__Your assignment__
Somewhere below are a line with "フィッシャーマンニットと言え" and a later line with "3-1 HEADSET STAND". Output exactly those lines and all lines between them.

__Dataset records__
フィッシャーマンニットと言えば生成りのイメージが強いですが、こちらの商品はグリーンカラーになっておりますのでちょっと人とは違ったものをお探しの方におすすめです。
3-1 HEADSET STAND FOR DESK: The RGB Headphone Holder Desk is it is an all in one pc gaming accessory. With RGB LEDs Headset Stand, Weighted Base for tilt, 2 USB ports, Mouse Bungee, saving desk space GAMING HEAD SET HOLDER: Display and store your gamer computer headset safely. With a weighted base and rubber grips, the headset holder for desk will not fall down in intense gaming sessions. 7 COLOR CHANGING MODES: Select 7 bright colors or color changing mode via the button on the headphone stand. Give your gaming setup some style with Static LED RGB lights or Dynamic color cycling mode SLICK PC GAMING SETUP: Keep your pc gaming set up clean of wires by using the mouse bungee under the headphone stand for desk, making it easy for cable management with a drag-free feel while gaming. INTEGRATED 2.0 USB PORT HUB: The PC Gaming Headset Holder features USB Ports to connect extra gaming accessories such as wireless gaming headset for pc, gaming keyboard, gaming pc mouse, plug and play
==
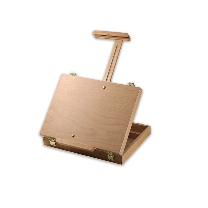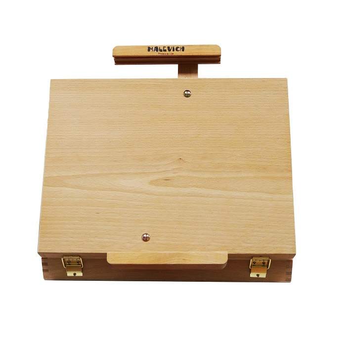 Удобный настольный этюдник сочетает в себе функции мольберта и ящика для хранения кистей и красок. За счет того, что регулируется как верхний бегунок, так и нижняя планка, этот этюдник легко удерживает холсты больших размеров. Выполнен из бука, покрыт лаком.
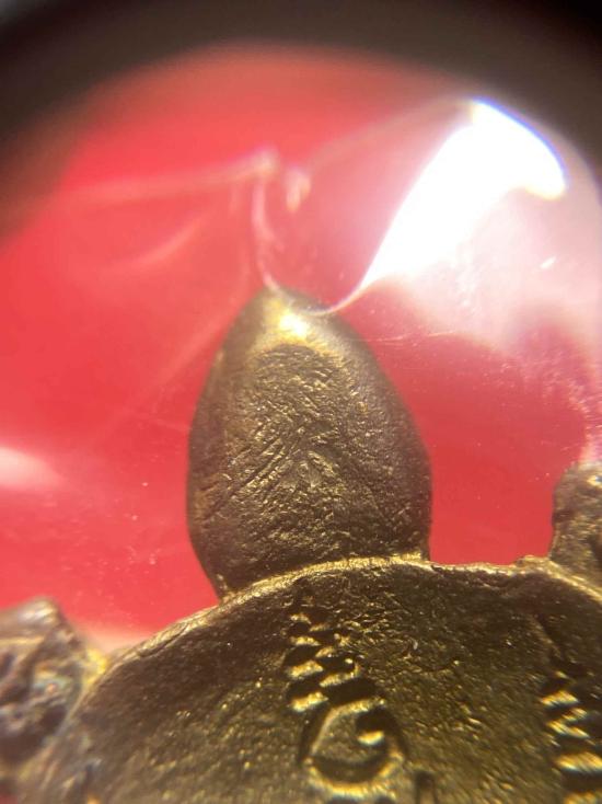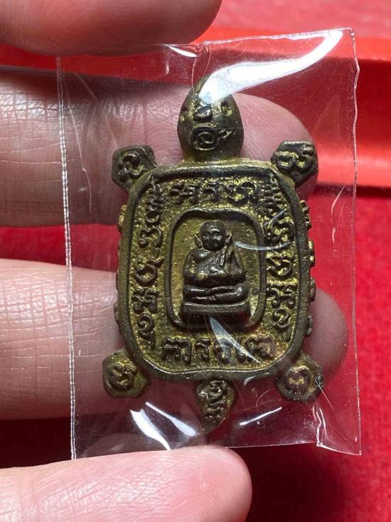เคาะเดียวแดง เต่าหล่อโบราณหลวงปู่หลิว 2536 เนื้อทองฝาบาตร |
...
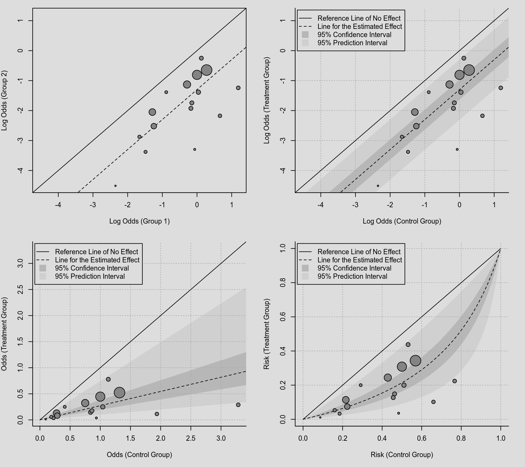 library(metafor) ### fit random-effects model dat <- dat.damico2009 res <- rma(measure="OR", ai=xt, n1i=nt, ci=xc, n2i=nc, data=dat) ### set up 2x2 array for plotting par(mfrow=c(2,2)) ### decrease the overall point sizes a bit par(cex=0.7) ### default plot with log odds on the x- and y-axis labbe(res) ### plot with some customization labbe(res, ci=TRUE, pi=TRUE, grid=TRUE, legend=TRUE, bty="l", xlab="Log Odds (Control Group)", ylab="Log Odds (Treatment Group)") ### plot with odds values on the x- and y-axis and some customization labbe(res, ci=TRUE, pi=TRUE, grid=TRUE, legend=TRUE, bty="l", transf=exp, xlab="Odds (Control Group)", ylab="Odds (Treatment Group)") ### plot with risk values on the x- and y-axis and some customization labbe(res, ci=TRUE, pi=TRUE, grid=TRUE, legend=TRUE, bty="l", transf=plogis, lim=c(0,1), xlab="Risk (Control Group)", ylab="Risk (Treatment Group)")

__Solution below__
フィッシャーマンニットと言えば生成りのイメージが強いですが、こちらの商品はグリーンカラーになっておりますのでちょっと人とは違ったものをお探しの方におすすめです。
3-1 HEADSET STAND FOR DESK: The RGB Headphone Holder Desk is it is an all in one pc gaming accessory. With RGB LEDs Headset Stand, Weighted Base for tilt, 2 USB ports, Mouse Bungee, saving desk space GAMING HEAD SET HOLDER: Display and store your gamer computer headset safely. With a weighted base and rubber grips, the headset holder for desk will not fall down in intense gaming sessions. 7 COLOR CHANGING MODES: Select 7 bright colors or color changing mode via the button on the headphone stand. Give your gaming setup some style with Static LED RGB lights or Dynamic color cycling mode SLICK PC GAMING SETUP: Keep your pc gaming set up clean of wires by using the mouse bungee under the headphone stand for desk, making it easy for cable management with a drag-free feel while gaming. INTEGRATED 2.0 USB PORT HUB: The PC Gaming Headset Holder features USB Ports to connect extra gaming accessories such as wireless gaming headset for pc, gaming keyboard, gaming pc mouse, plug and play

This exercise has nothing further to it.